* TASK DESCRIPTION: Print the line containing "当日は、我妻さんとその上司の", then every line after it through the end of the material, exactly as written and without pictures.

* PROVIDED MATERIAL:
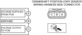 2.Measure the output voltage wave pattern between CKP sensor terminals C and B using an oscilloscope.
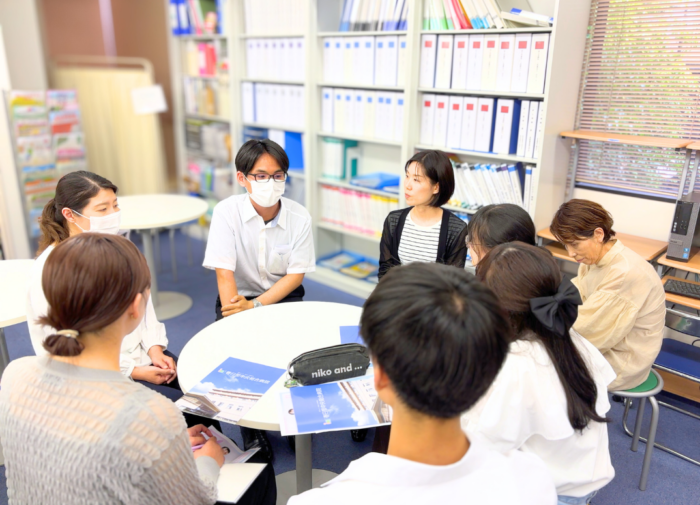当日は、我妻さんとその上司の方、参加した在校生たちが輪になって語り合う、あたたかな雰囲気の座談会となりました。
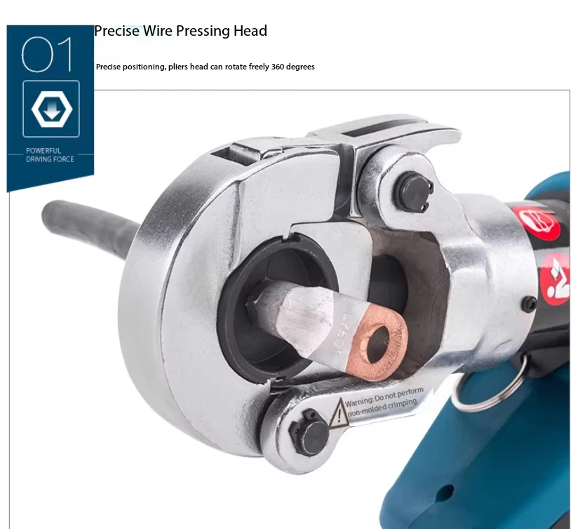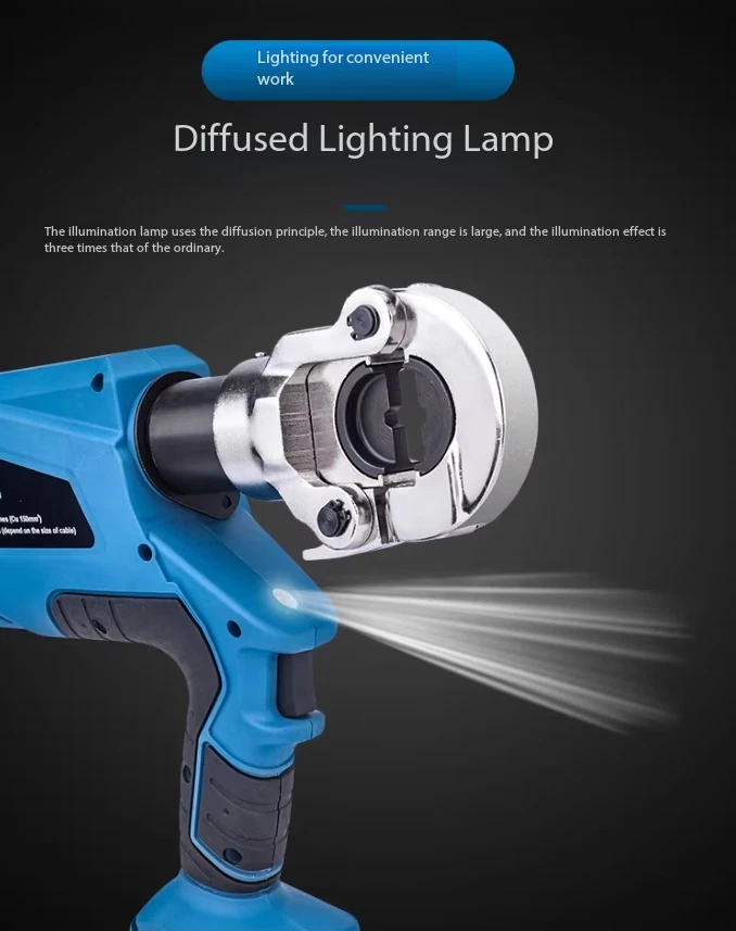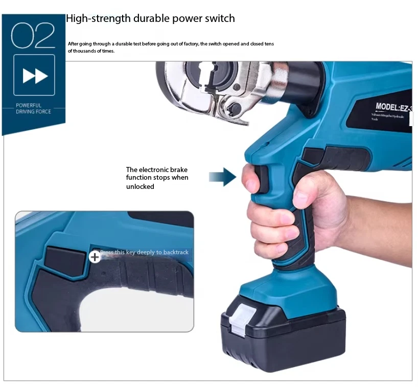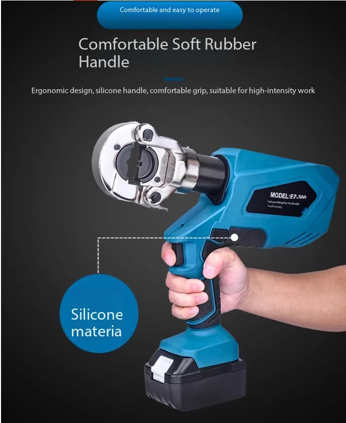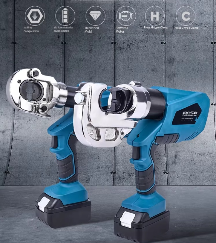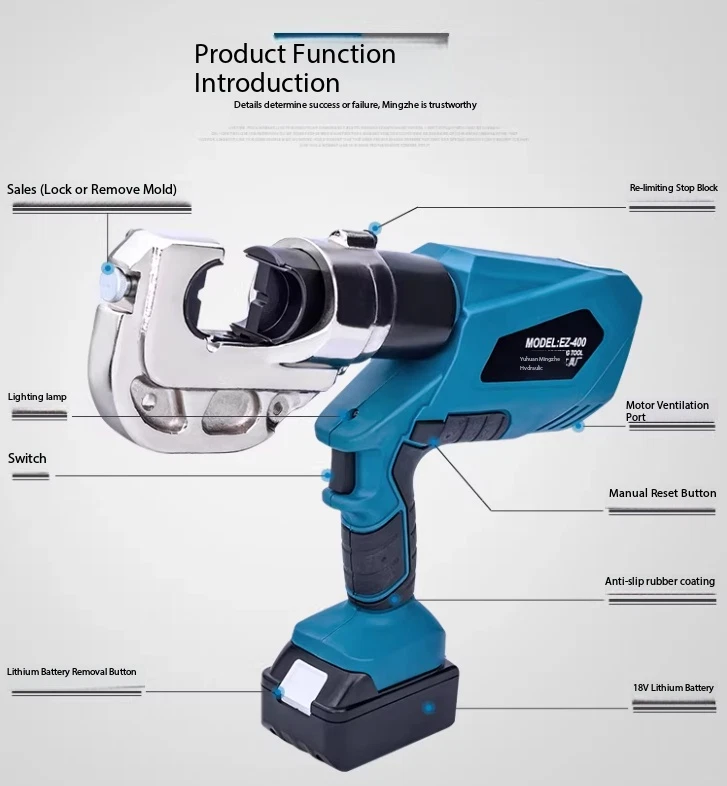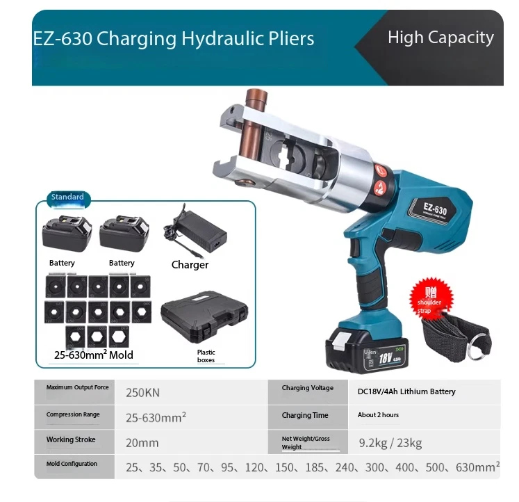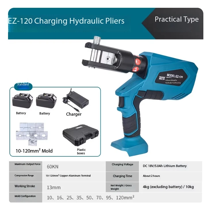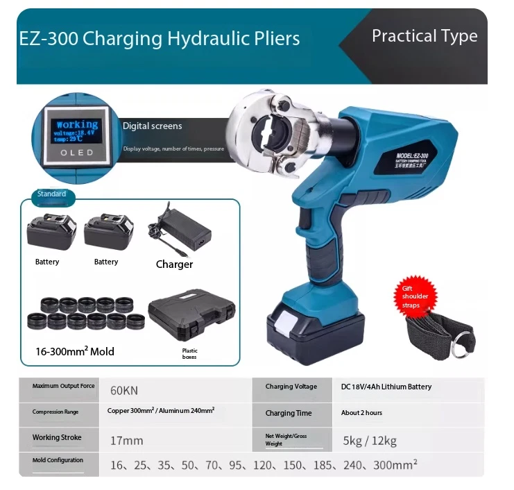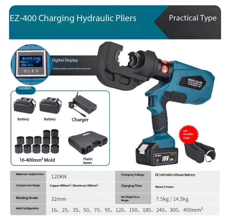 Electric Hydraulic Crimping Pliers Rechargeable Crimping PliersTerminal Crimping EZ-400 Maximum Output Force: 120 kN Crimping Range: Copper 400 mm² / Aluminum 300 mm² Working Stroke: 32 mm Die Configurations: 16, 25, 35, 50, 70, 95, 120, 150, 185, 240, 300, 400 mm² Charging Voltage: DC 18V / 4Ah battery Charging Time: Approx. 2 hours Net Weight / Gross Weight: 7.5 kg / 14.5 kg
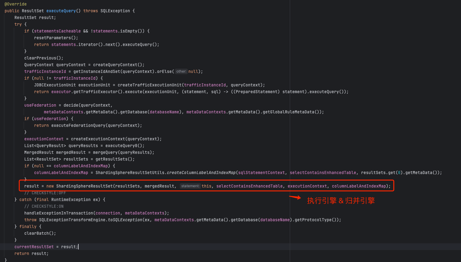 当我们得到执行上下文对象,分别调用执行引擎、归并引擎获取执行结果:

* OUTPUT FOR THIS EXERCISE:
当日は、我妻さんとその上司の方、参加した在校生たちが輪になって語り合う、あたたかな雰囲気の座談会となりました。
 Electric Hydraulic Crimping Pliers Rechargeable Crimping PliersTerminal Crimping EZ-400 Maximum Output Force: 120 kN Crimping Range: Copper 400 mm² / Aluminum 300 mm² Working Stroke: 32 mm Die Configurations: 16, 25, 35, 50, 70, 95, 120, 150, 185, 240, 300, 400 mm² Charging Voltage: DC 18V / 4Ah battery Charging Time: Approx. 2 hours Net Weight / Gross Weight: 7.5 kg / 14.5 kg
 当我们得到执行上下文对象,分别调用执行引擎、归并引擎获取执行结果:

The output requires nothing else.